Hal natural/alami yang biasa terjadi yang membuat sakit, tak akan semudah itu membuat sakit kalau kita belajar dari pola dan berusaha beradaptasi dengannya…aku percaya itu!

Sunday, April 11, 2010

Mencicipi Museum Kolong Tangga

Kebetulan, hari itu ada seorang teman yang sedang berkunjung dan bersedia meminjamkan sepeda motornya untuk saya pakai muter-muter. Hahaha saya bayangkan, hatinya was-was tak karuan karena khawatir motornya kenapa-napa, pantaslah, karena saya ini tidak mahir naik motor. Mahirnya naik cikar hahaha. Muter-muter saya kali ini adalah mengunjungi museum kolong tangga yang memang telah lama ingin saya kunjungi. Letak museumnya sendiri saya tak tahu, tahunya hanya berada di Gedung Taman Budaya. Untungnya otak saya ini cukup cerdas untuk mengira-ngira dimana tempatnya karena melihat petunjuk arah menuju museum tersebut. Ehem, kalau anda orang jogja yang tak tahu letaknya, atau bukan orang jogja yang belum pernah berkunjung, saya akan menunjukkan tempatnya. Meseum ini terletak di sebelah selatan pasar beringharjo, di sebelah utara pertokoan buku “shoping” dan Taman Pintar. Kalau anda naik bus, naiklah dengan menggunakan bus jalur 4, 9, atau 16 dan turunlah di Jalan senopati, bisa di Taman Pintar atau Shoping. Lalu berjalanlah ke Utara (dari shoping), maka anda akan menemukan bangunan berwarna putih yang bernama Taman Budaya Yogyakarta. Nah disanalah tempatnya!?

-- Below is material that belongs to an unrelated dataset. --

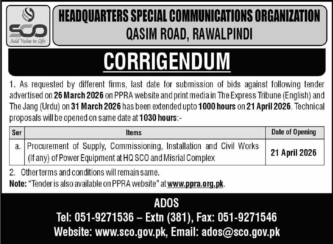 Construction, Corrigendum/Addendum , Electrical, Electronics, Engineering, General Order Supply, Machinery, Mechanical, Repair & Maintenance

Dengan membayar Rp.2500 saja (untuk dewasa sedangkan anak-anak gratis), saya telah dapat stiker dan waktu sepuasnya untuk melihat berbagai macam mainan yang ada di dalam museum tersebut. Mainan yang tidak hanya berasal dari Indonesia, tetapi juga beberapa negara lain dari seluruh dunia.



Museum Kolong Tangga adalah museum anak pertama di Indonesia yang diresmikan pada 2 Februari 2008. Berlokasi di Gedung Taman Budaya Lt.2 Jl. Sriwedari no.1 Yogyakarta. Ide untuk mewujudkan museum ini dipelopori oleh Rudi Corens, seorang warga negara Belgia yang sudah lama menetap di Yogyakarta. Rudy menyumbangkan banyak koleksi mainannya ke museum tersebut. Jumlah mainan yang ada di museum Kolong Tangga mencapai 700 koleksi.

Ketika saya berkunjung, museum memang dalam keadaan sepi sehingga saya dapat belajar memotret disana. Dari mulai memfoto mainan-mainan sampai memfoto diri saya sendiri yang berpose dengan pak cepot yang hanya dua gigi depannya saja yang tak copot hahaha.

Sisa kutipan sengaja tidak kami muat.